During the settlement of Texas the predominant Indian tribes in Navarro County area were the Iones, Kickapoos, and Comanches. One of the first white groups to settle in the area, the families of John Silas , and Ben Parker, built a fort near the site of present Groesbeck (Limestone County) on the Navasota River in 1833. On May 19, 1836, the fort was attacked by Kiowa and Comanche Indians, and the settlers were either killed or taken captive, including Cynthia Ann Parker. The first Mexican land grant in the area that became Navarro County was to Thomas J. Chambers on September 23, 1834. His grant consisted of 35,424 acres fourteen miles east of the site of present Corsicana. Chambers served as surveyor counselor and supreme judge for the Mexican officials and in 1836 received an empresario contract to bring 800 families to Texas. In 1836 George Washington Hill was sent to the area to be an agent to the Kickapoo Indians. He built a trading post south of the site of present Spring Hill. In October 1838 a surveying party of about twenty-four men arrived at the trading post and set their camp one mile west. On the morning of October 4, the surveyors were attacked by the Kickapoos. In what is now called the Battle Creek fight, all but seven of the surveyors were killed. A rescue party was sent back to bury the dead, but only bones were found. One mass grave was dug one mile west of the site of present Dawson.

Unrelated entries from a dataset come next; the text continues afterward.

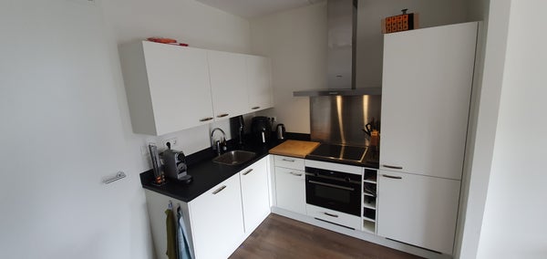 - Woonkamer met open keuken voorzien van diverse inbouwapparatuur waaronder koelkast, vriezer, vaatwasser, inductiekookplaat en afzuigkap;
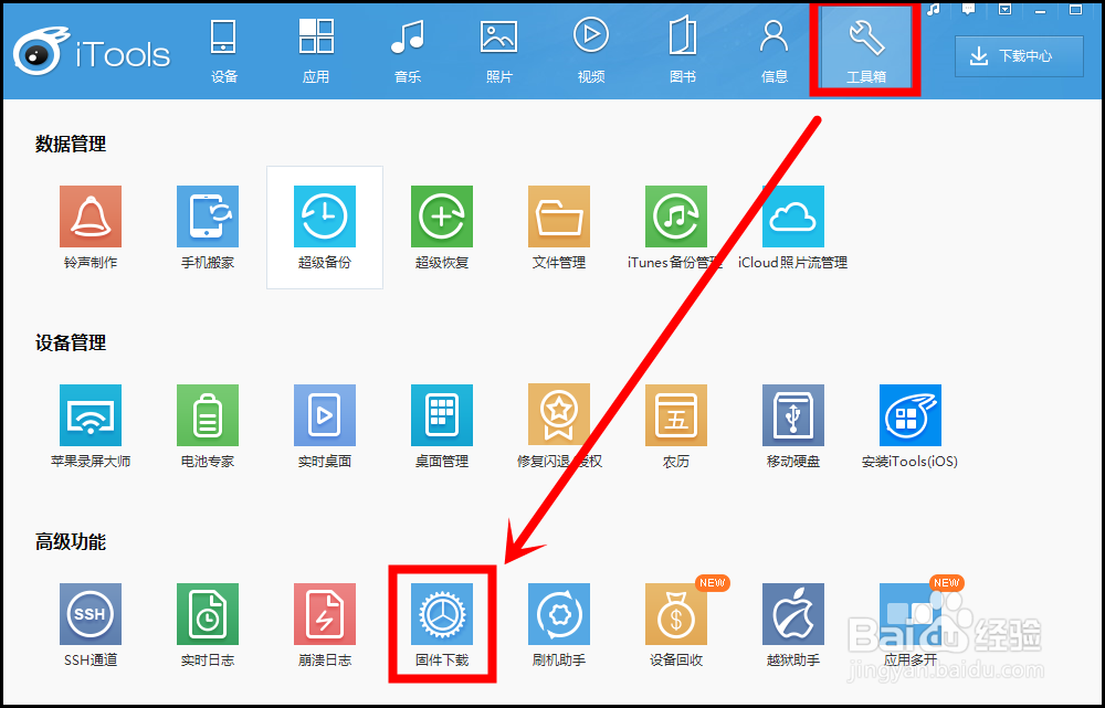 首先,我们让手机与电脑连接,打开ITOOLS,打开后点击工具菜单下的“固件下载”。
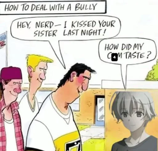 Apraksts: "How to deal with a bully Hey, Nerd - I kissed your sister last night! How did my cum taste?"
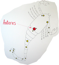 Red Giant stars in Scorpio (Antares) and Orion (Betelgeuse)
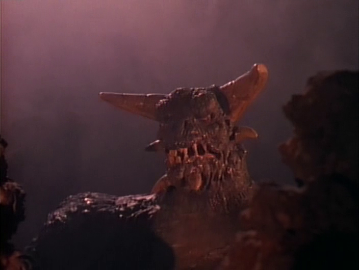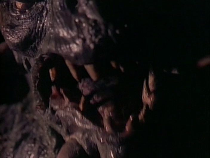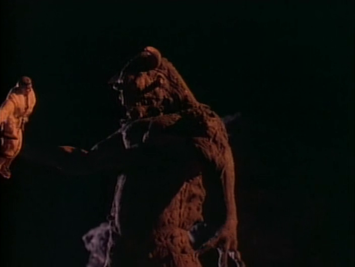 Semblant dater des années 1970, ce DTV de l'aube des années 1990 rend un hommage nostalgique aux vieux films d'aventure fantastique, et se signale comme une bisserie particulièrement généreuse et distrayante, malgré son manque criant de budget et la mise en scène assez plate de Steve Barkett, qui s'efforce cependant de réaliser un film de genre total à base de grand spectacle en carton. Avec son emphase rappelant les BO de Bernard Hermann et de John Williams, la jolie musique orchestrale de John W. Morgan semble parfaitement décalée vis-à-vis de la pauvreté qui s'étale à l'écran, mais confère un indéniable charme rétro à l'ensemble. Malgré de très beaux matte paintings, une ambiance visuelle plutôt soignée et la présence de techniciens des effets spéciaux chevronnés (qu'on retrouvera au générique de nombreux blockbusters), les SFX fleurent bon le bricolage nanar, sans doute par carence de moyens et de temps. En témoigne cette séquence nocturne où deux jeunes s'embrassent dans leur voiture garée au milieu des bois. La fille manifeste son inquiétude car elle a entendu un bruit. Le mec lui dit que ça doit être un lapin ou un écureuil. On a vu cette scène des centaines de fois dans les films d'horreur nazes. Là où le film nous surprend, c'est que la voiture se transforme alternativement en automobile miniature toute mimi, et le monstre géant est tantôt une figurine en pâte à modeler animée en stop-motion rudimentaire, tantôt une marionnette à main filmée en très gros plan.

In the spring of 1839 more families moved in and settled around the trading post. Two growing settlements were Porter's Bluff and Dresden. All of the legal work for the two sites was conducted at Franklin, the county seat of Robertson County, 125 miles south of Hill's Trading Post. People in Porter's Bluff and Dresden felt they needed their own county with a local authority to handle legal matters. In the spring of 1846 a group led by Edward H. Tarrant, a Texas Ranger, met at the home of Thomas I. Smith. The men at the meeting drew up a petition for a new county to be made out of Robertson County, with a temporary county seat to be located at the home of W. R. Howe. Clinton M. Winkler, a local lawyer, presented the petition to the state legislature in Austin, and it was approved on April 25, 1846. The new county included all the portion of Robertson County within the east bank of the Brazos River to the northwest corner of Limestone County. It also extended to the Trinity River and north to Dallas County. It was named Navarro County in honor of José Antonio Navarro, a Texas patriot. The county seat remained at Howe's home until his death in 1847. On February 8, 1848, a committee headed by Tarrant voted to set up a permanent county seat at the halfway point between Porter's Bluff and Dresden. Rev. Hampton McKinney was already living at the site and later constructed the McKinney Inn at the location. On February 25, 1848, Thomas Smith donated 100 acres of land at the McKinney site, and C. C. Taylor was employed to construct a town plot. José Antonio Navarro chose the name Corsicana in honor of the Isle of Corsica, his father's birthplace. The town is located forty-five miles southeast of Dallas on Interstate Highway 45. Over the next twenty years the original Navarro County was divided into the following counties: Limestone in 1846, Ellis in 1847, Tarrant in 1847, part of McLennan in 1850, Hill in 1853, Johnson in 1854, Parker in 1855, Palo Pinto in 1856, and Hood in 1866.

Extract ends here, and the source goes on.